Kilometers_Driven, New_Price and Price are heavily skewed. Log Transformation may be good fit.

In [None]:
pd.set_option("display.max_rows", 200) #resetting it back to 200 rows
#Checking to see if there are zeros or negative values
print('Kilometers_Driven with values <=0 : ',carsdf[carsdf['Kilometers_Driven']<=0.0].count().sum())
print('New_Price with values <=0 : ',carsdf[carsdf['New_Price']<=0.0].count().sum())
print('Price with values <=0 : ',carsdf[carsdf['Price']<=0.0].count().sum())

#### Outlier detection using IQR

Outliers in the data can distort predictions. The challenge is to know whether the data is truly an outlier or an interesting finding which should be kept.Lets compute IQR (interval from 1st quartile to the 3rd quartile) and flag entries outside 1.5*IQR as outliers. The values are displayed in %

In [None]:
def frac_outside_1pt5_IQR(x):
    length = 1.5 * np.diff(np.quantile(x, [.25, .75]))
    return np.mean(np.abs(x - np.median(x)) > length[0])

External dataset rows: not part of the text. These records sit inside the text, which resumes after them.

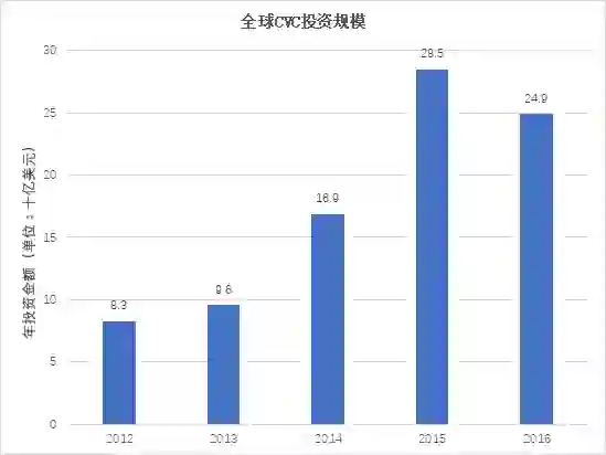 2016年,全球CVC共计投资金额249亿美元。相比2015年, CVC交易金额在连续三年增长后首次下降,降幅12.6%;之前3年增长率分别为15.7%、76.0%和45.0%。在资本寒冬下,CVC的活跃程度与整个风险投资行业保持一致。
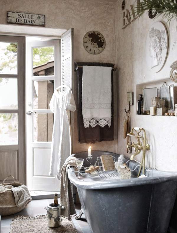 En cuanto al cuarto de baño, es otro de los espacios que invitan a disfrutar de un plácido baño con atractivas vistas, y apreciar cada detalle que lo decora. Conviven en perfecta armonía toallas con encajes, hornacinas que albergan espejos y bonitos jabones, objetos vintage que suman pinceladas auténticas, o la estética de los muebles reciclados que no ocultan es paso del tiempo en sus pinturas y en sus figuras con historia.
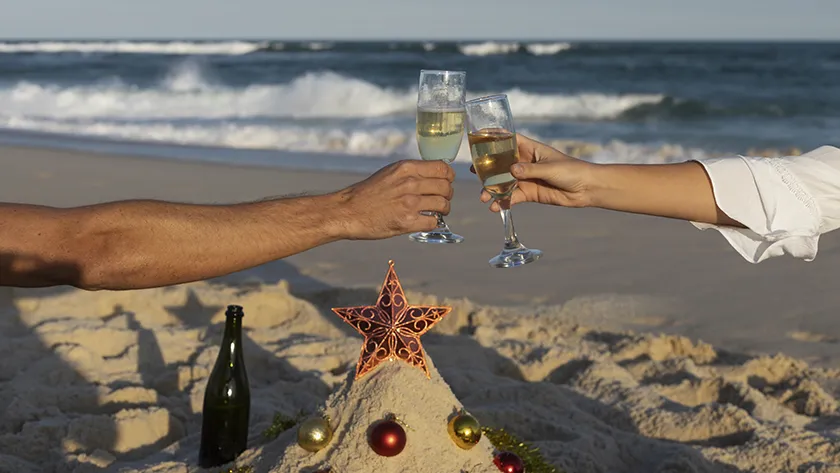 Что делать в новогоднюю ночь: ужин на пляже с шампанским, а потом встретить первый рассвет 2026-го прямо у океана.
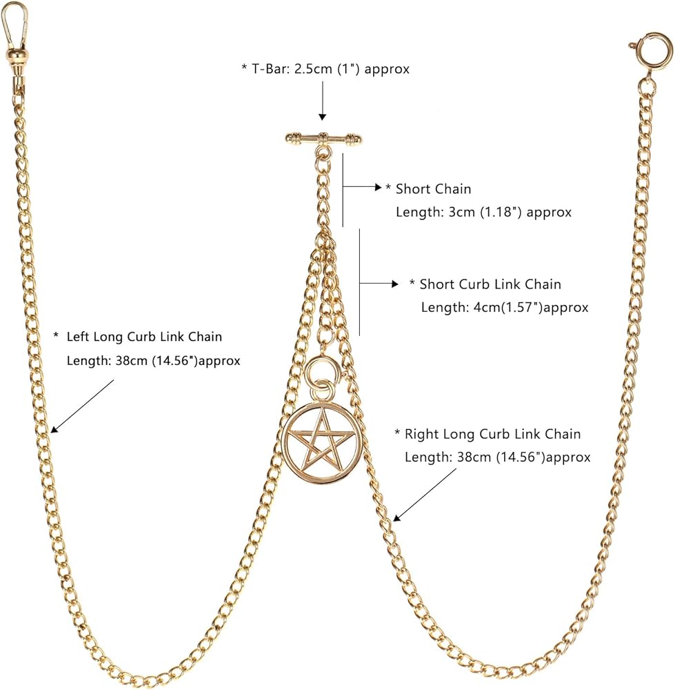 UNIQUE DESIGN: Classic Pocket Watch T-Bar Chain with Swivel Clip, suitable for vest or formal wear, with ROUND HEAD FINISHING design, prevent the clothes from damage by the T Bar.
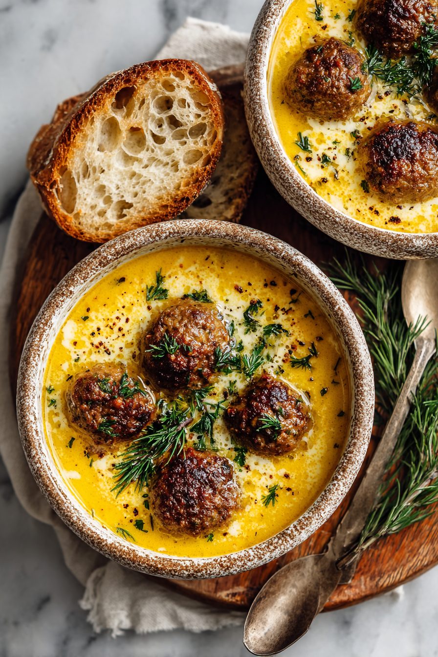 This is a bowl of cozy, slightly tangy, creamy meatball soup — the kind of dinner that feels like a hug and doesn’t pretend to be fancy. It’s meatballs, simmered in a warm, lightly spiced broth with a hit of cream and tiny noodles (or potatoes if you like), finished with a sprinkle of dill. Comfort food that’s fast enough for weeknights and impressive enough for when friends drop by drunk on good intentions.
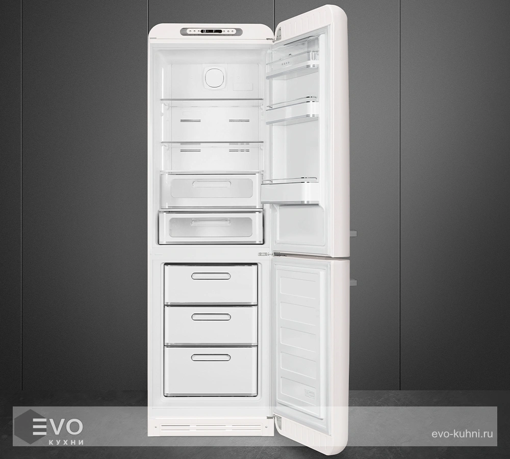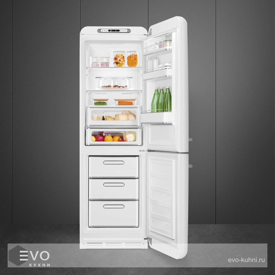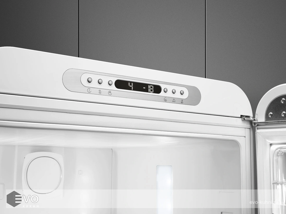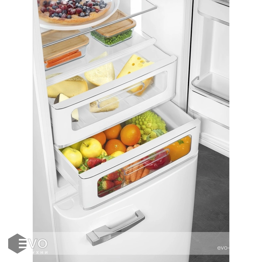 Холодильник Smeg FAB32RWH5 – отдельностоящий, двухдверный холодильник, стиль 50-х годов, характеризуется экономным потреблением электроэнергии, при достаточном объеме, который удовлетворит потребности хранения. Округлые формы и хромированные детали идеально сочетают внутренние и внешние двери холодильника. Профили ящиков на дверях и стеклянных полок имеют яркие хромированные элементы с ретро-дизайном.
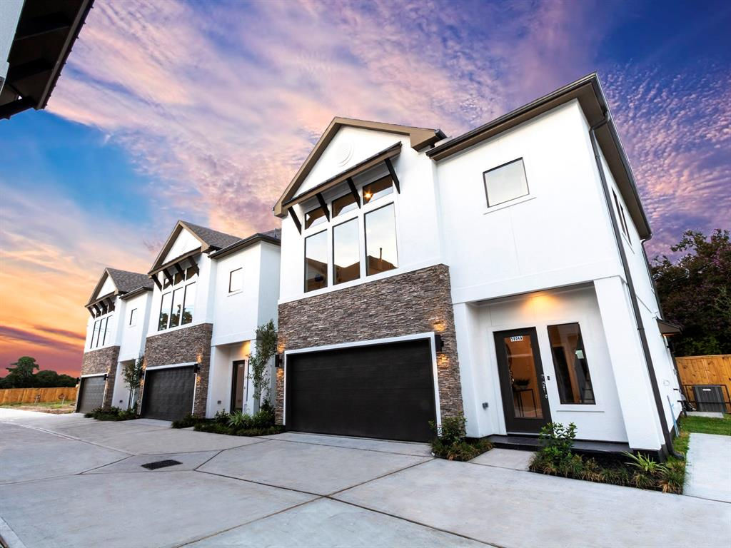 This project showcases architectural renderings of modern residential buildings with a car, and modern townhouses at twilight, highlighting unique architectural designs.

num_cols=['Year','Kilometers_Driven','Mileage','Engine','Power','Seats','New_Price','Price']

for i in num_cols:
    print(i+' variable')
    print('Before log ',frac_outside_1pt5_IQR(carsdf[i])*100)
    print('After log ',frac_outside_1pt5_IQR(np.log(carsdf[i]))*100,'\n')

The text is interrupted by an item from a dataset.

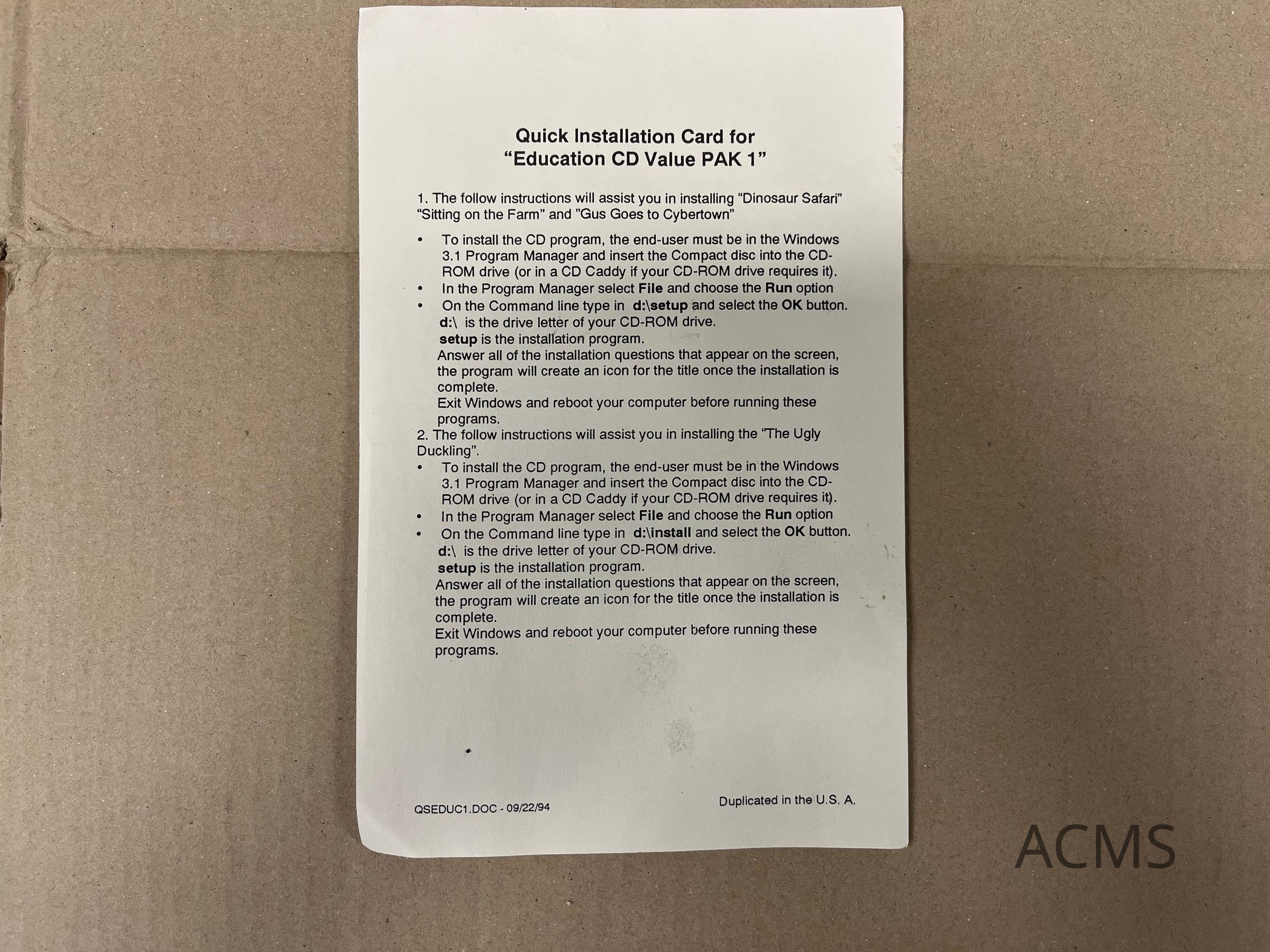 Sun Moon Star Education CD Value PAKEntry/Object ID

Let's check the Outlier values of the variables by blowing up the range to 4*IQR. Ignoring 'Year' and 'Seats' as the values look fine in univariate analysis and doesn't make any sense to check the values. Also notice that applying logs on variables has increased the % above.

In [None]:
#Function to calculate and display outlier values

def outlier_values(df,col):
    ''' 
    Calculate and display outlier values which are > 4*IQR
    '''
    print('Determining outlier values for: ',col)
    quartiles = np.quantile(df[col][df[col].notnull()], [.25, .75])
    col_4iqr = 4 * (quartiles[1] - quartiles[0])
    print(f'\nQ1 = {quartiles[0]}, Q3 = {quartiles[1]}, 4*IQR = {col_4iqr}')
    outlier_vals = df.loc[np.abs(df[col] - df[col].median()) > col_4iqr, col]
    print('\nOutlier values:\n',np.sort(outlier_vals.unique()))
    print('---------------------------------------------------------')

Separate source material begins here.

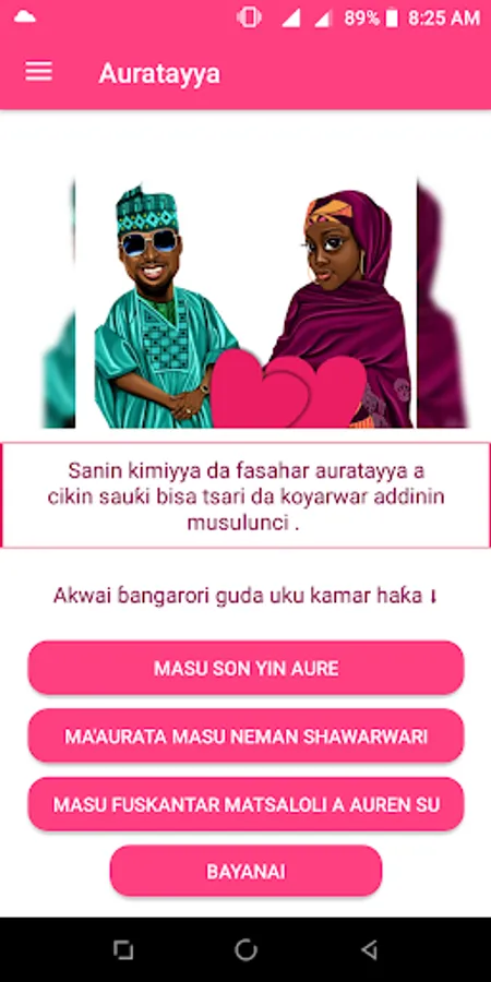 wannan manhajar ta kunshi shiri da zai tattauna akan abinda ya shafi ma'aurata yanda kowane ma'aurachi zai saukewa daya abokin zaman hakkin sa
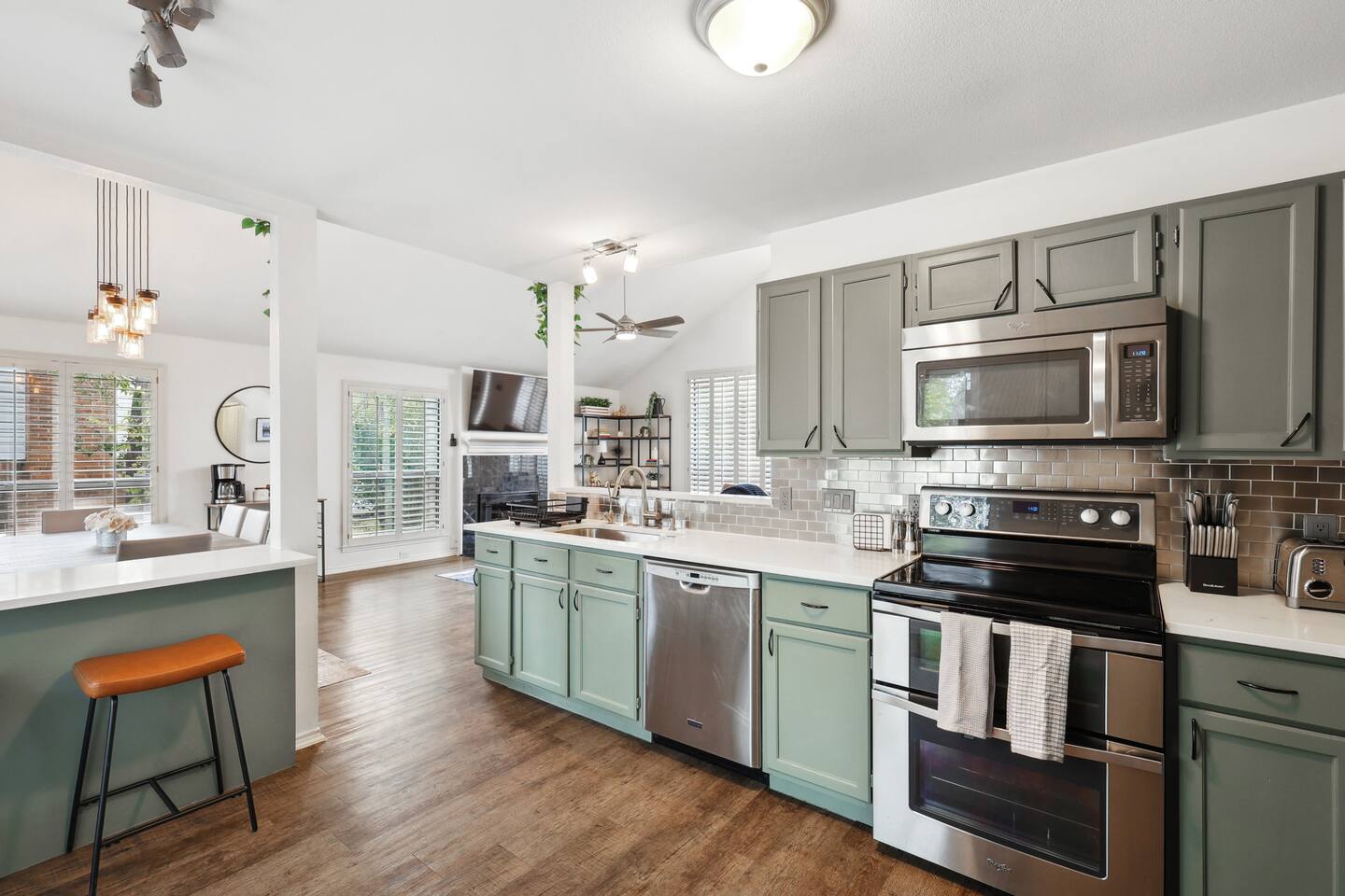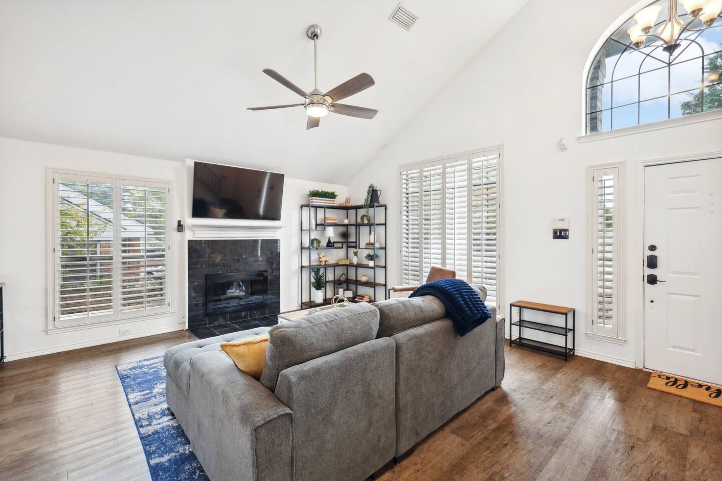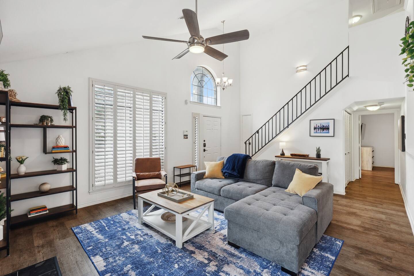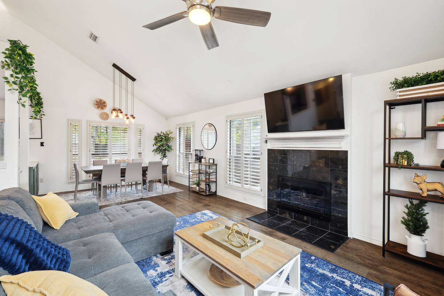 Nestled on an oversized, premium lot just minutes from White Rock Lake, this remodeled, contemporary designed home offers the perfect blend of modern elegance and comfort. Established neighborhood, mature trees, and OUTSTANDING location - minutes to the Dallas Arboretum, walking+biking trails, Lakewood, local shops & dining. Inside, abundant natural light floods the open floorplan through large windows with plantation shutters, highlighting the 20' vaulted ceiling, custom wrought iron staircase, and wood floors. The well-appointed kitchen features custom cabinetry, white quartz countertops, a stainless steel backsplash & appliances, a custom breakfast nook, and a dry bar. Additional upgrades include flooring, fresh neutral paint, & updated designer lighting. Retreat to the privacy of the master bedroom with en-suite bath & walk-in closet. Step out onto a large, shaded deck to an expansive, fully-fenced backyard, perfect for entertaining! Zoned to the award-winning Hexter Elementary. Master bedroom is equipped with a comfortable King bed and has an updated master bath. Master is located on first floor. Equipped with 55" smart TV 2nd floor consists of an office with a sleeper couch as well as the other 2 bedrooms. One bedroom has a queen bed and the other has a twin over twin bunked and a separate full bed, both rooms equipped with smart TVs The living room has high ceilings and a smart 60" TV as well as a large sleeper sofa. Full kitchen with all the essentials. Dining room for up to 8.

cols=['Kilometers_Driven','Mileage','Engine','Power','New_Price','Price']
for i in cols:
    outlier_values(carsdf,i)

- New_Price had lot of Nulls and we imputed with median values. Moreover, the data looks continuous and hence not
looking into values
- Price is dependent variable and need to take a look at value which is >90
- Engine, Power and Kilometers_Driven should be checked

In [None]:
#checking Engine & Power values

eng = [4806.0,4951.0,5000.0,5461.0,5998.0]
powr = [362.07,362.9,364.9,367.0,382.0,387.3,394.3,395.0,402.0,421.0,
        444.0,450.0,488.1,500.0,503.0,550.0,552.0]
for x in eng:
    display(carsdf[carsdf['Engine']==x][['Brand','Model','Engine']])

for y in powr:
    display(carsdf[carsdf['Power']==y][['Brand','Model','Power']])   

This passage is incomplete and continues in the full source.